» Problem details: Output every record exactly, apart from its images.

» Supplied data:
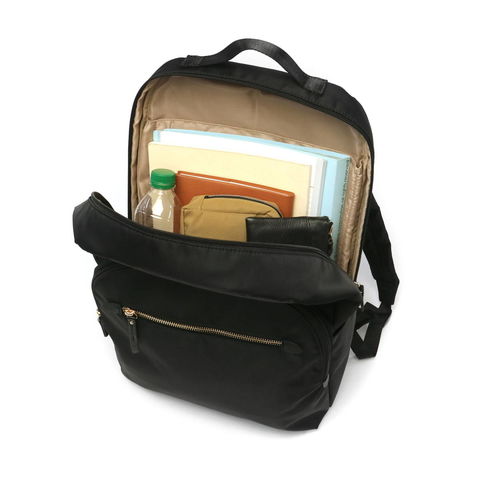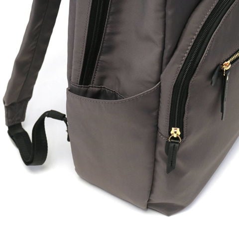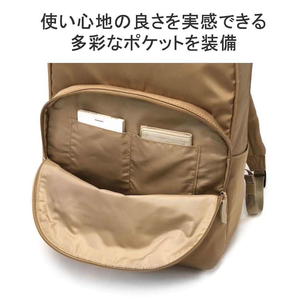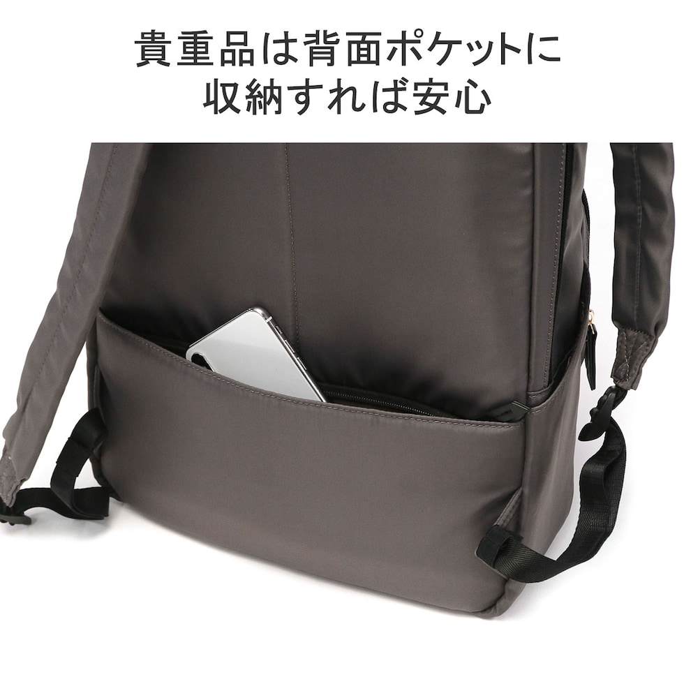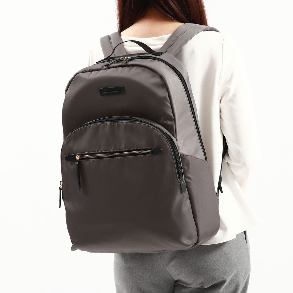 女性らしいラウンド型が魅力のシンプルで綺麗めなリュックシリーズ「フェリシア」。こちらは、お仕事用にぴったりなB4サイズ対応モデルです。多彩なポケットやボトルホルダーなど機能的でありながら、上品で洗練されたデザインが魅力。働く女性をサポートする大容量リュックです。
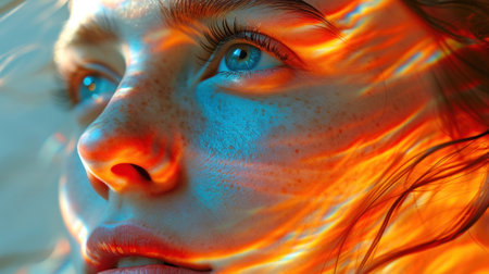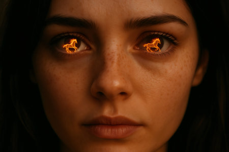 Close up portrait of a young woman with fiery horse silhouettes reflected in her eyes, creating a surreal and captivating image
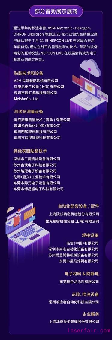 超過半年的積淀準備,ASM、Mycronic 、Hexagon、OMRON 、Nordson等超過25家行業領先品牌供應商已確認將于7月31日NEPCON LIVE在線展會開啟年度首秀。通過在線平臺呈現創新的技術、 革新的設備、精彩的互動交流,NEPCON LIVE在線展會將成為電子制造業的高光時刻。
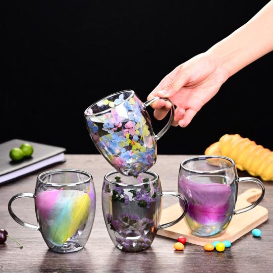 Пленительный цветочный дизайн: Чашка украшена яркими, красочными лепестками, вплавленными в стекло.. При наполнении напиток создает потрясающий визуальный эффект, напоминающий распускающиеся цветы внутри чашки, добавляя художественный и успокаивающий штрих к вашему напитку.
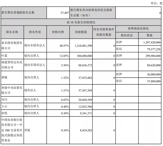 在股权质押上,黄其森几乎将泰禾投资的股权全数质押,目前泰禾投资持有泰禾集团48.97%的股权。
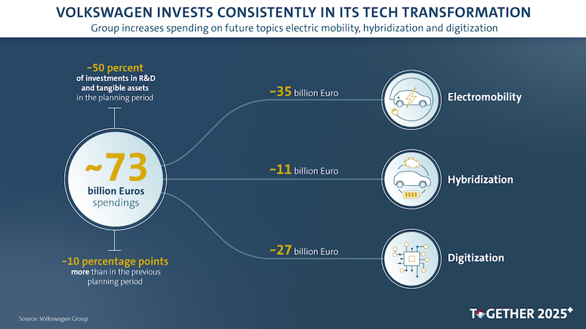 De Duitse autofabrikant maakte vorige maand bekend zijn investeringen in toekomstige mobiliteit te verhogen. De Volkswagen Groep investeert in de komende vijf jaar ongeveer 73 miljard euro in elektrificatie, hybride aandrijflijnen en digitale technologie. De investeringen in ontwikkelingskosten en R&D voor toekomstige technologieën worden verhoogd van 40 naar 50 procent van de totale investeringen van de Groep, die circa 150 miljard euro bedragen.
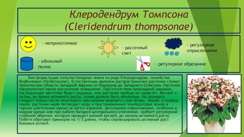 (Verbenaceae). Естественным ареалом распространения растения служат тропические области Западной Африки от Камеруна до Западного Сенегала. Растение предпочитает яркое рассеянное освещение. При отсутствии прохладной зимовки последующее цветение будет скудным, или растение вообще не зацветёт. Весной и летом, во время активного роста, полив должен быть обильным. Но поливать следует только после некоторого просыхания верхнего слоя почвы. Зимой, в период покоя, растение мало поглощает воду и при пониженных температурах земля в горшке длительное время остаётся влажной. регулярное опрыскивание, особенно в жаркое время или при работе батарей центрального отопления. требует регулярной глубокой обрезки, которую проводят ранней весной, до начала активного роста. Побеги обрезают примерно на 1/3 длины, чтобы спровоцировать активный рост боковых ветвей.

» Solution:
 女性らしいラウンド型が魅力のシンプルで綺麗めなリュックシリーズ「フェリシア」。こちらは、お仕事用にぴったりなB4サイズ対応モデルです。多彩なポケットやボトルホルダーなど機能的でありながら、上品で洗練されたデザインが魅力。働く女性をサポートする大容量リュックです。
 Close up portrait of a young woman with fiery horse silhouettes reflected in her eyes, creating a surreal and captivating image
 超過半年的積淀準備,ASM、Mycronic 、Hexagon、OMRON 、Nordson等超過25家行業領先品牌供應商已確認將于7月31日NEPCON LIVE在線展會開啟年度首秀。通過在線平臺呈現創新的技術、 革新的設備、精彩的互動交流,NEPCON LIVE在線展會將成為電子制造業的高光時刻。
 Пленительный цветочный дизайн: Чашка украшена яркими, красочными лепестками, вплавленными в стекло.. При наполнении напиток создает потрясающий визуальный эффект, напоминающий распускающиеся цветы внутри чашки, добавляя художественный и успокаивающий штрих к вашему напитку.
 在股权质押上,黄其森几乎将泰禾投资的股权全数质押,目前泰禾投资持有泰禾集团48.97%的股权。
 De Duitse autofabrikant maakte vorige maand bekend zijn investeringen in toekomstige mobiliteit te verhogen. De Volkswagen Groep investeert in de komende vijf jaar ongeveer 73 miljard euro in elektrificatie, hybride aandrijflijnen en digitale technologie. De investeringen in ontwikkelingskosten en R&D voor toekomstige technologieën worden verhoogd van 40 naar 50 procent van de totale investeringen van de Groep, die circa 150 miljard euro bedragen.
 (Verbenaceae). Естественным ареалом распространения растения служат тропические области Западной Африки от Камеруна до Западного Сенегала. Растение предпочитает яркое рассеянное освещение. При отсутствии прохладной зимовки последующее цветение будет скудным, или растение вообще не зацветёт. Весной и летом, во время активного роста, полив должен быть обильным. Но поливать следует только после некоторого просыхания верхнего слоя почвы. Зимой, в период покоя, растение мало поглощает воду и при пониженных температурах земля в горшке длительное время остаётся влажной. регулярное опрыскивание, особенно в жаркое время или при работе батарей центрального отопления. требует регулярной глубокой обрезки, которую проводят ранней весной, до начала активного роста. Побеги обрезают примерно на 1/3 длины, чтобы спровоцировать активный рост боковых ветвей.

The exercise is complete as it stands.